Fausto, de Sokurov
O poder por Sokurov
Por Luiz Joaquim | 31.08.2012 (sexta-feira)
Após uma sedutora e longa flutuação da câmera sobre uma bela e difusa paisagem na abertura de “Fausto” (Faust, Rus., 2011), filme de Aleksander Sokurov em cartaz no Cinema da Fundação, vemos o Dr. Fausto (Johannes Zeiller) dissecando um cadáver. Não há nada que ele desconheça dali das entranhas humanas. O seu interesse na pesquisa é entender onde reside a alma humana. Essa busca pela compreensão da complexidade do homem é o que move Fausto, e também será a sua perdição.
Para completar a tetralogia do poder – precedida pelos seus outros filmes “Moloch” (1999), “Taurus” (2000) e “O Sol” (2004) – Sokurov recorreu a obra de uma vida daquele considerando, ainda hoje por muitos, o maior escritor alemão: Goethe (1749-1832). Publicado apenas após sua morte, o “Fausto” de Goethe resgata uma história que já teve várias versões desde o século 15.
Em resumo, acompanha a fome por sabedoria de Fausto, homem culto que já estudou medicina, filosofia, direito, teolologia, alquimia, é conhecedor de astronomia e botânica e ainda assim sente-se o mais ignorante dos homens. Ao juntar-se com o diabo inicia um trajeto que o leva a Margarida (Isolda Dychauk), por quem se apaixona. É para ter o seu amor que, com o próprio sangue, Fausto assina um contrato com o diabo garantindo-lhe sua alma após a morte. Mas, ao conhecer o amor de Margarida, Fausto experimenta a sublimação da vida e tenta a salvação.

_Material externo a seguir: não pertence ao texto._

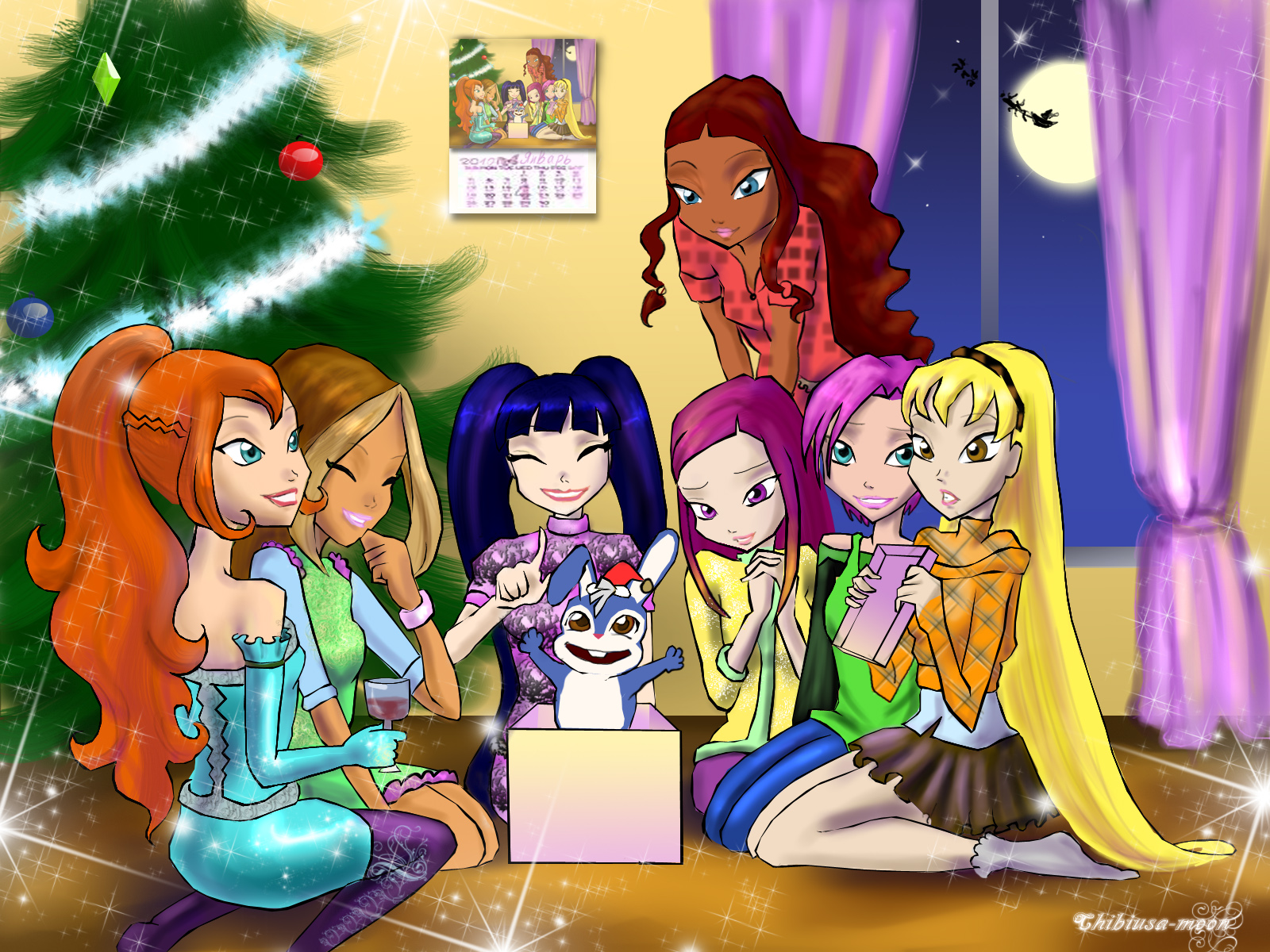 Чтобы скачать картинку Новогодние обои с Винкс, Рокси и Кико нажми на нужное разрешение в таблице:

Neste, e em vários outros aspectos plásticos, Sokurov nos oferece em sua versão para “Fausto” uma experiência rica de leituras pela representação imagética. O momento em que o médico recebe Margarida em casa e vê sua real beleza, com seu rosto iluminado de forma radiante, é um desses exemplos.
A performance de seu mefistófeles – que fez sucesso em outros filmes também revisitando o mito alemão – também incomoda (no bom sentido), com seu corpo deformado e insistente insolência diante do sofrimento de médico.
Já experimentado pela pintura (Rembrandt) pela música (Wagner, Schumann e Liszt), o mito de “Fausto” foi um prato cheio para o cinema, redendendo até adequações no cinema brasileiro – com aparece em “Filme Demência”, de Carlos Reichenbach. Desse modo, Sokurov arriscava-se ao entrar num tema tão vastamente explorado. Mas, seu talento e audácia foram reconhecidos com o Leão de Ouro em 2011, prêmio máximo do Festival de Veneza.
Os espectadores agradecem por dispor agora de um novo filme que põe em foco mais uma vez, em excelente representação, o destino de todos nós. Figuras errantes em busca de perguntas que nunca terão respostas, e cuja rendenção parece encontrar pousada apenas na natureza, pela qual a figura de Margarida (e seu amor) é a melhor síntese que Goethe poderia nos oferecer.